Implement a fallback chain: Primary call -> Cached data -> Default response -> Empty response. Example for a product recommendation engine: 1) Call ML recommendation service for personalized results. 2) If that fails (circuit open), return cached recommendations from Redis. 3) If cache is empty, return popular products (static fallback). 4) If all else fails, return empty list and hide the recommendations section in the UI. The key principle: a degraded experience is always better than an error page. Configure fallbacks via fallbackMethod in Resilience4j annotations.
6. Compare implementing resilience at the application level (Resilience4j) vs infrastructure level (Istio).
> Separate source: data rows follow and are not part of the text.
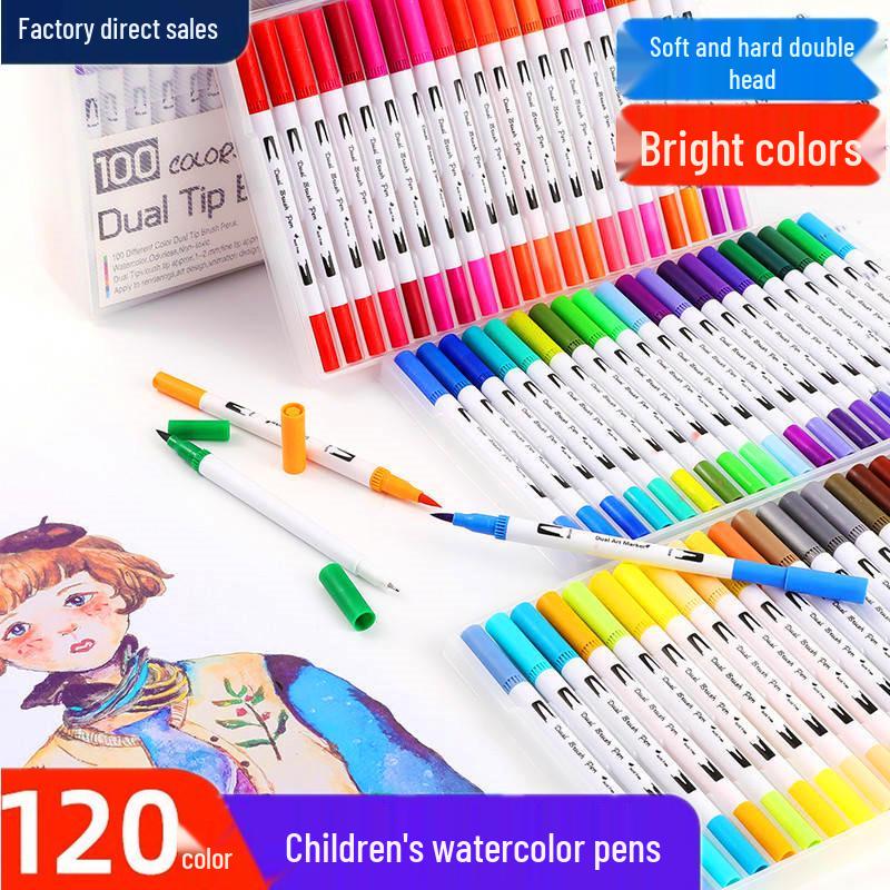 Washable Water-based Double-headed Watercolor Pens for Children - Soft-tip Markers and Brush Set
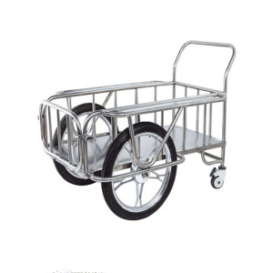 参数:1050*820*890mm由不锈钢板材,厚度不小于0.8mm,主体车架由Φ38mm和Φ25mm,δ1.2mm的不锈钢管加工而成车后有不锈钢把手,耐磨耐腐蚀两大轮是Φ455mm可充气轮胎,使担架车移动过程平稳、安全。两小轮为Φ125mm塑包静音刹车轮,移动时安静灵活。不锈钢送物车主要用于运送中型不易搬运的医疗器械或大量资料器材,减少医护人员劳动,提高工作效率。
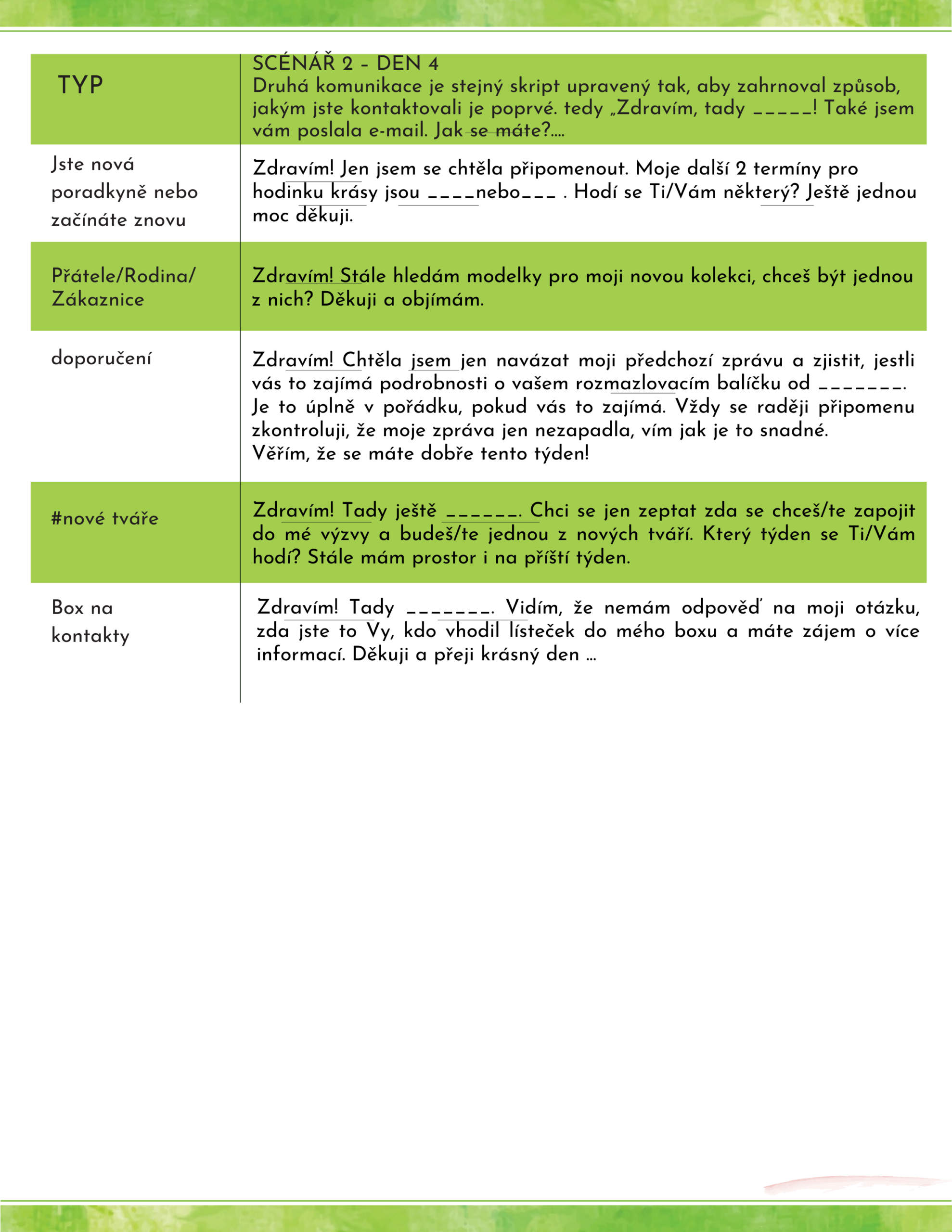Ať už začínáte, vracíte se po pauze nebo chcete svůj byznys posunout dál, tento systém vám pomůže získat větší jistotu v komunikaci, více domluvených schůzek a přirozený rytmus aktivit, který vás bude dlouhodobě podporovat.
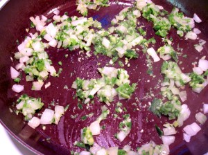 4. Heat the oil in a large skillet. Add the onions and cook, stirring occasionally, just until they soften, about 3 – 4 minutes.

When would you use each?
Resilience4j (application): Fine-grained method-level control, rich fallback logic (custom Java code), zero latency overhead, but Java-only and requires redeployment to change. Istio (infrastructure): Language-agnostic, no code changes needed, hot-reloadable policies, consistent across all services, but coarser granularity (service-level), limited fallbacks (can only return error codes), and adds ~1ms latency per hop. Use Resilience4j for business-critical paths needing complex fallback logic (e.g., payment processing with queue fallback). Use Istio for organization-wide baseline policies (e.g., all services get 3 retries and 5s timeout). In practice at FAANG scale, you use both — Istio as a safety net, Resilience4j for critical business logic.